Data extract:
══════
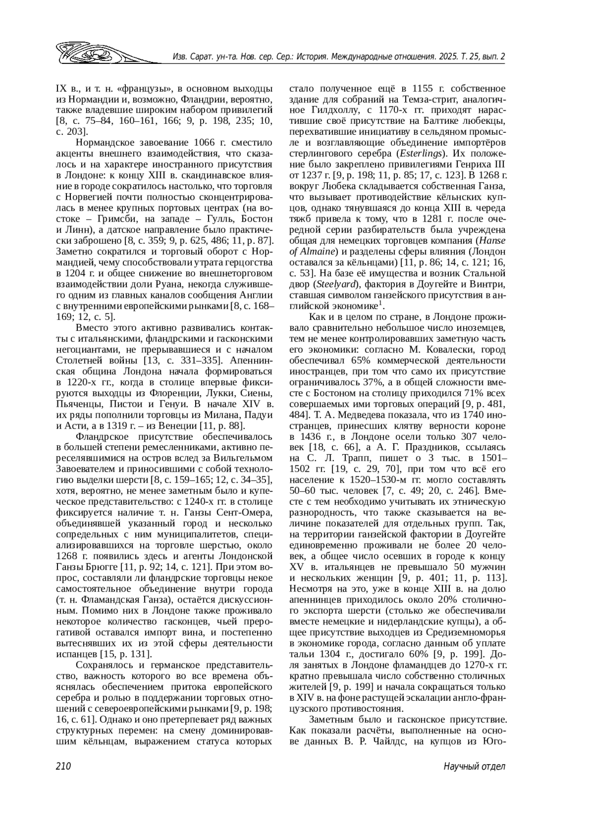 13. Чернова Л. Н. Лондон и города континентальной Европы в первый период Столетней войны // Известия Саратовского университета. Новая серия. Серия: История. Международные отношения. 2023. Т. 23, вып. 3. С. 327-337. ,. DOI: 10.18500/1819-4907-2023-23-3-327-337 EDN: YBLJEM
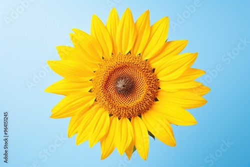 © DenisNata, Naklejka premium One Sunflower flower isolated on blue background, top view. Floral flowers pattern.
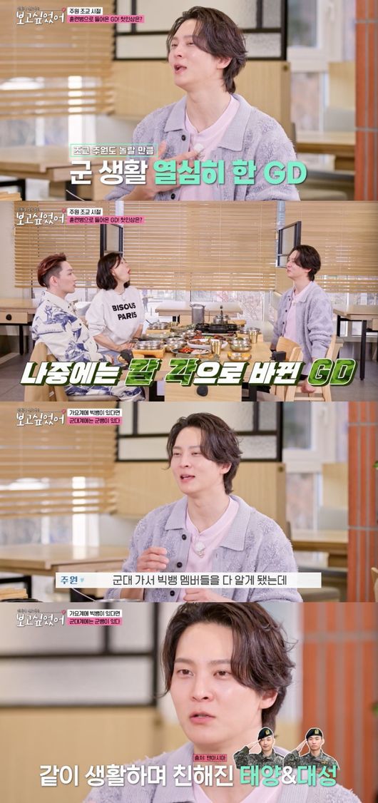 또 주원이 조교로 있을 당시 지드래곤이 훈련병으로 들어왔었다고. 이에 주원은 “그때 지용이가 들어왔다. 지용이가 와서 하는데 진짜 열심히 했다. 나도 그래서 놀랐다”라고 회상했다.
══════
Task prompt: Keep the pictures out of the copy and return the rest of the data above exactly.

Solution for this problem:
 13. Чернова Л. Н. Лондон и города континентальной Европы в первый период Столетней войны // Известия Саратовского университета. Новая серия. Серия: История. Международные отношения. 2023. Т. 23, вып. 3. С. 327-337. ,. DOI: 10.18500/1819-4907-2023-23-3-327-337 EDN: YBLJEM
 © DenisNata, Naklejka premium One Sunflower flower isolated on blue background, top view. Floral flowers pattern.
 또 주원이 조교로 있을 당시 지드래곤이 훈련병으로 들어왔었다고. 이에 주원은 “그때 지용이가 들어왔다. 지용이가 와서 하는데 진짜 열심히 했다. 나도 그래서 놀랐다”라고 회상했다.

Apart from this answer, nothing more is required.